While C code runs without any problem, Julia’s version has success rate about 95%. With a larger input file, the success rate goes down (to about 40%). Problem is in the line

    reader = ccall((:faster_file_reader_open, "libfasterac.so"),
                   Ptr{Cvoid}, (Ptr{UInt8}, ), 
                   datafile)

which returns 0 (NULL) interpreted as “error opening file”. A non-zero value is a proper pointer to the file.

In Julia 1.10 I have similar results. In Julia 1.9 everything works fine (this, and earlier versions I have been using with this wrapper extensively). What may have cause that problem?

2 Likes

I bet what’s happening here is that your faster_file_reader_open needs a null-terminated string, but passing a Ptr{UInt8} from a vector of UInt8s doesn’t necessarily guarantee one. Instead, just simplify this to pass the string itself as a Cstring:

function file_reader_open(filename::String)
    reader = ccall((:faster_file_reader_open, "libfasterac.so"),
                   Ptr{Cvoid}, (Cstring, ), 
                   filename)
    return reader
end
2 Likes

Also, don’t you need GC.@preserve for the array argument that’s being passed to the ccall?

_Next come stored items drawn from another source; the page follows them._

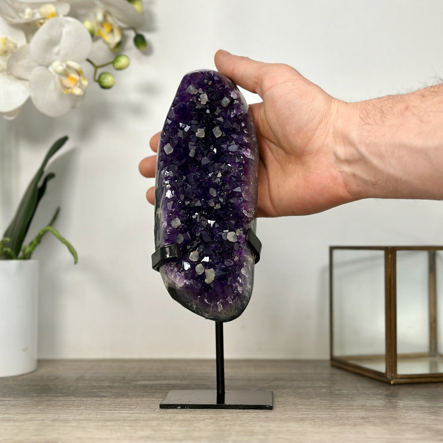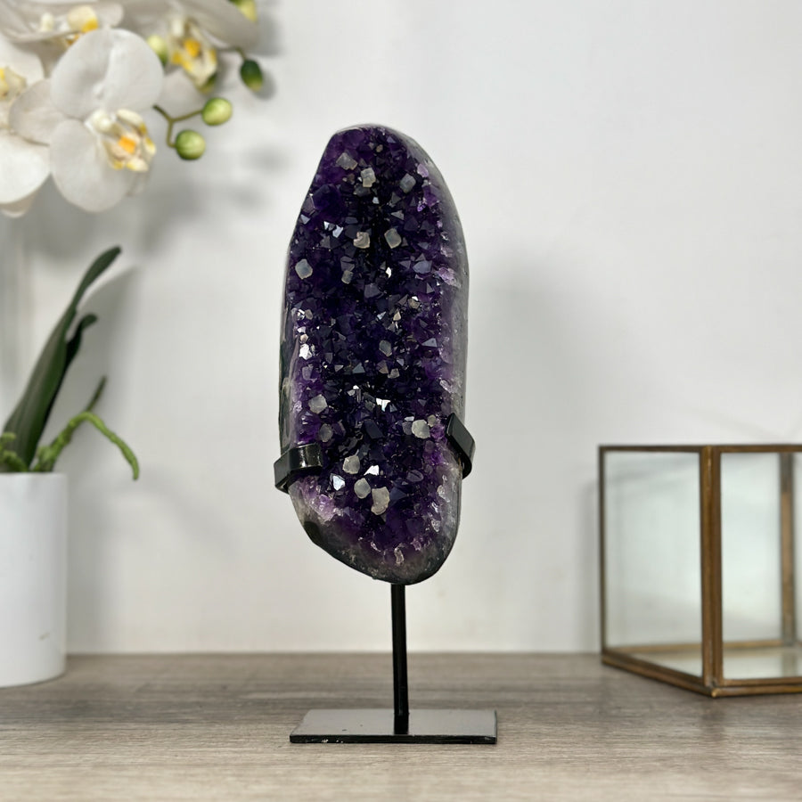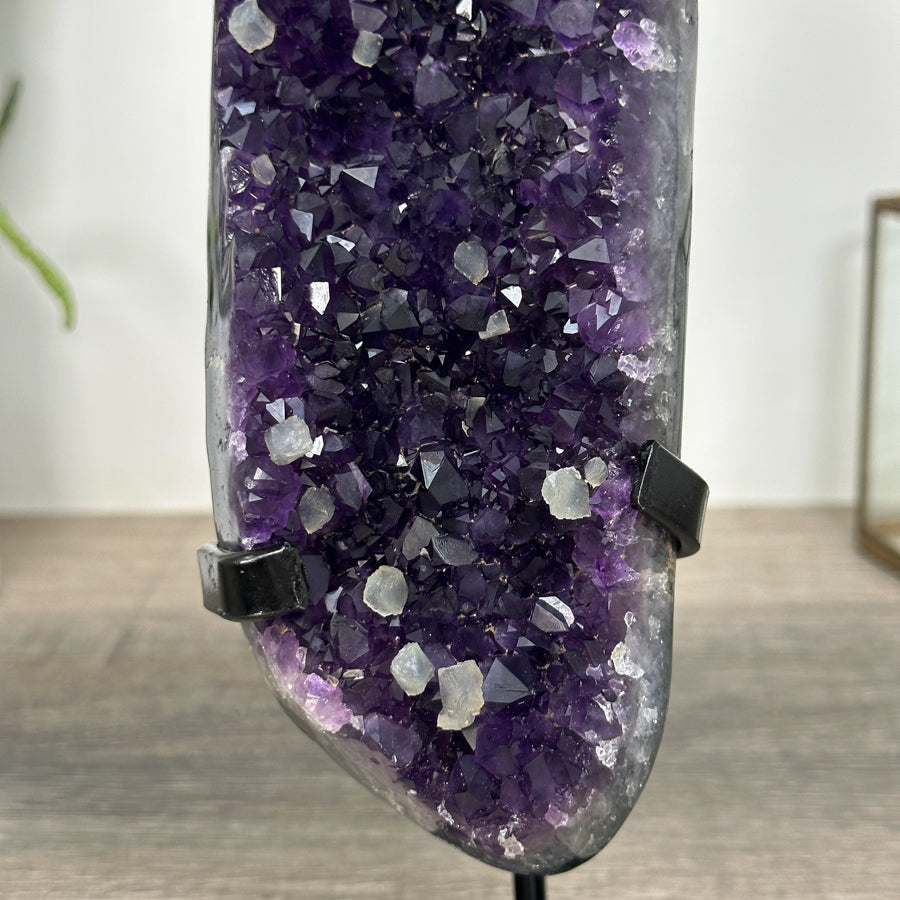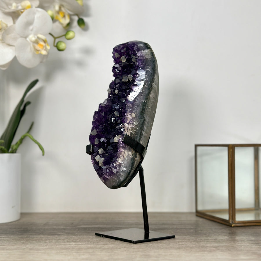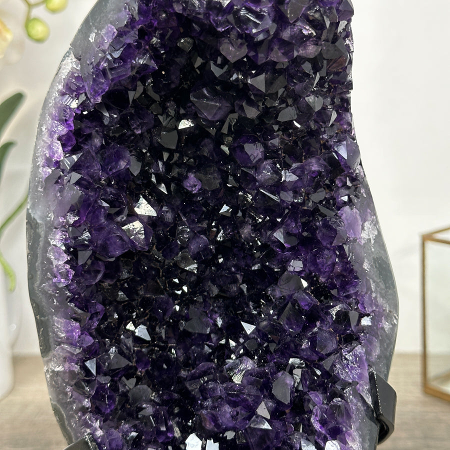 Deep Purple Amethyst Geode From Uruguay on Metal Stand – Premium Home Decor Accent - MWS2488
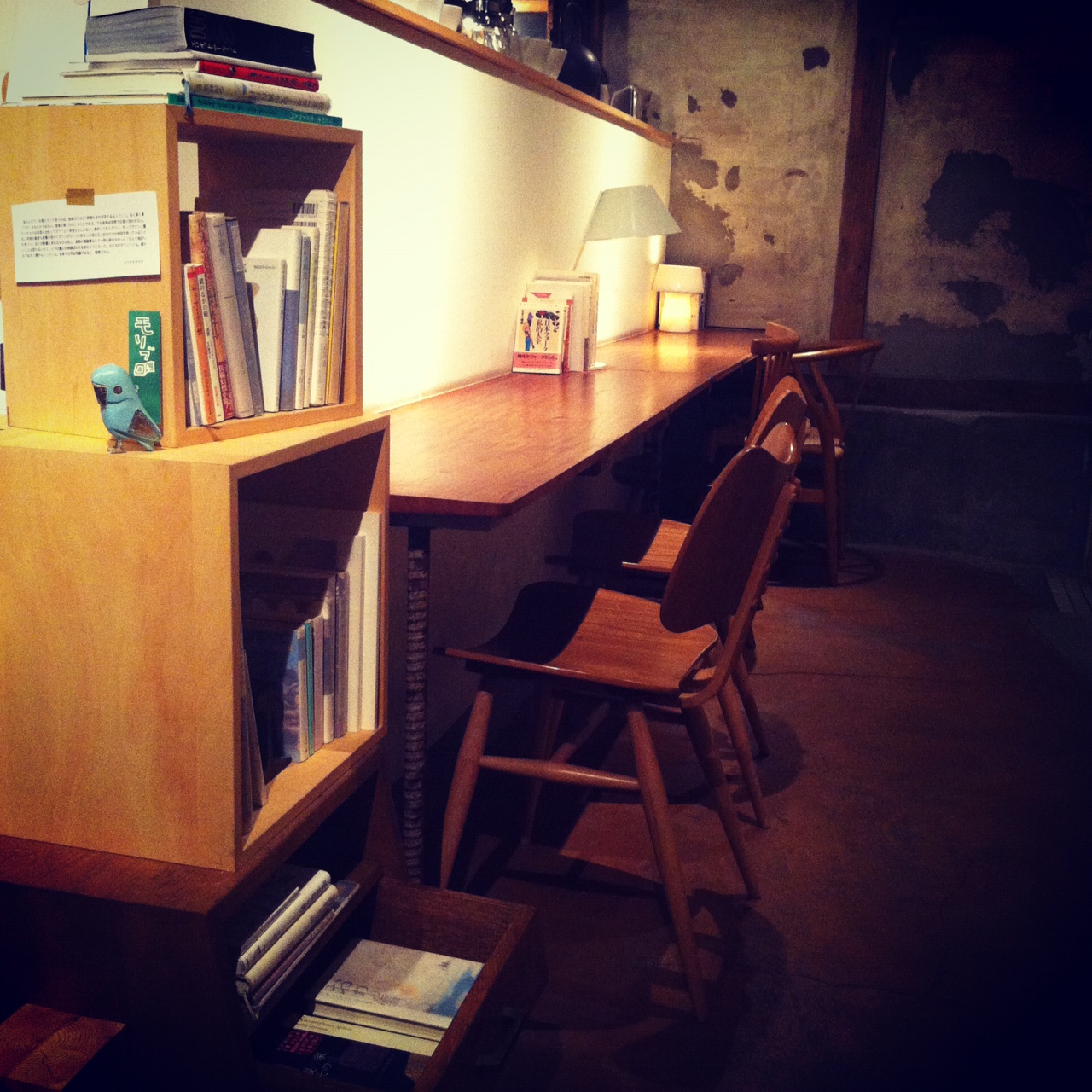 cartaの古ぼけた壁についているちいさな三段の棚。
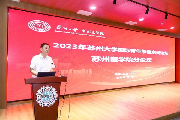 为进一步加强苏州医学院师资队伍建设,引进和储备更多有发展潜力的优秀青年学者,7月10日下午,2023年苏州大学国际青年学者东吴论坛苏州医学院分论坛在独墅湖校区医学楼4楼报告厅举行。我校副校长吴嘉炜,苏州医学院领导和相关办公室负责人,下属各学院(中心)、科研机构主要负责人、人事秘书、教师代表以及各直属附属医院人事相关负责人等出席。论坛由苏州医学院党工委书记钱福良主持。
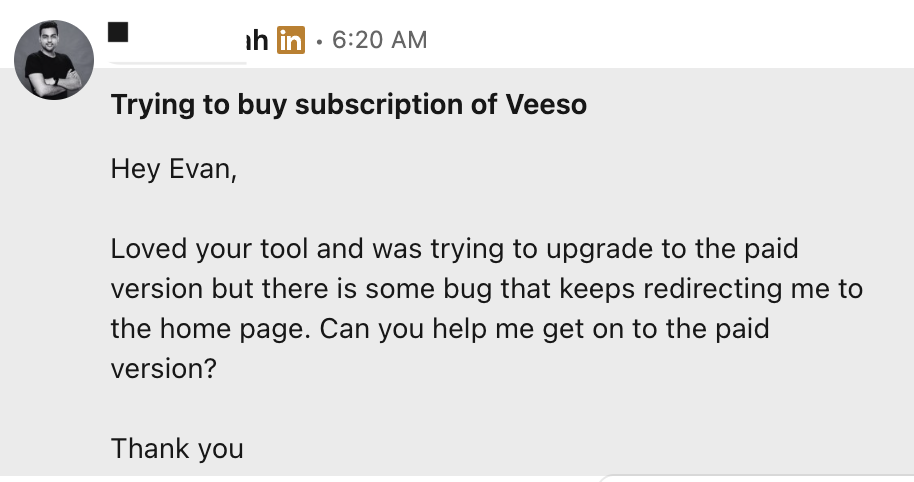 今日份开心应该是海外版产品还没正式上线,所以还没开支付功能,然后已经有用户来Linkedin 问我怎升级订阅了。
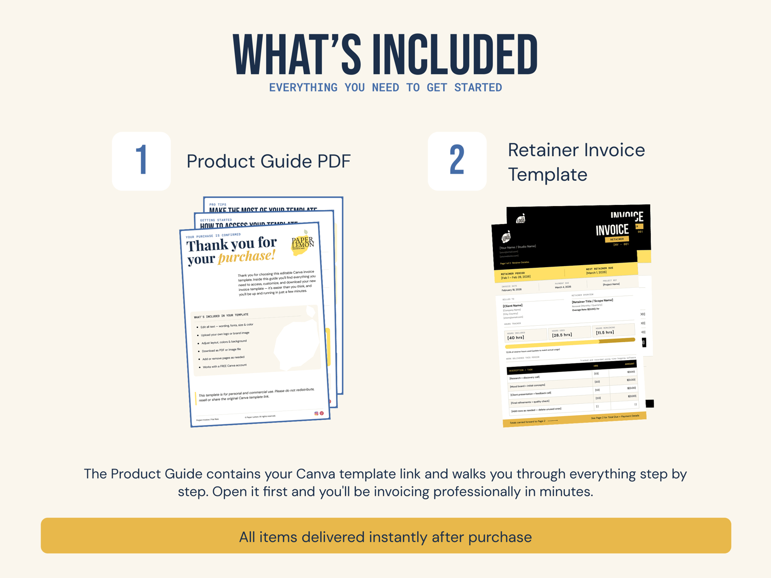 ✦ Retainer Invoice Template: fully editable in Canva with billing period and hours tracking built in, ready to send as PDF ✦ Product Guide PDF: contains your Canva template link and walks you through everything step by step
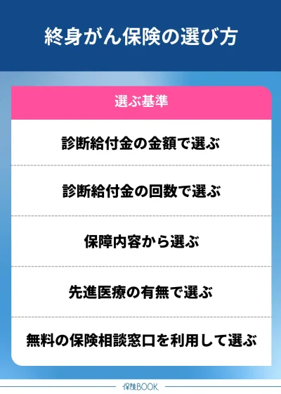 終身がん保険の選び方は、以下のとおりです。

No, GC.@preserve isn’t needed if you’re explicitly passing the object itself directly to ccall.

It’s only required if you’re working with raw pointers or the like that implicitly reference objects in a way Julia can’t track.

3 Likes

Oh wow, I had no idea about that. This’d be good to document somewhere.

Of course, that was it. And now that’s obvious. Was Julia before 1.10 aligning strings in memory with extra null at the end? Interestingly, that bug never came to the light until recently.

IIRC, String did (and still does) have a trailing NULL, but converting the string to a Vector{UInt8} doesn’t copy that into the new vector. It might be that the conversion previously aliased the memory of the String, which probably doesn’t happen anymore since Memory has become the backing store of Vector. That aliasing would then just happen to also be NULL-terminated.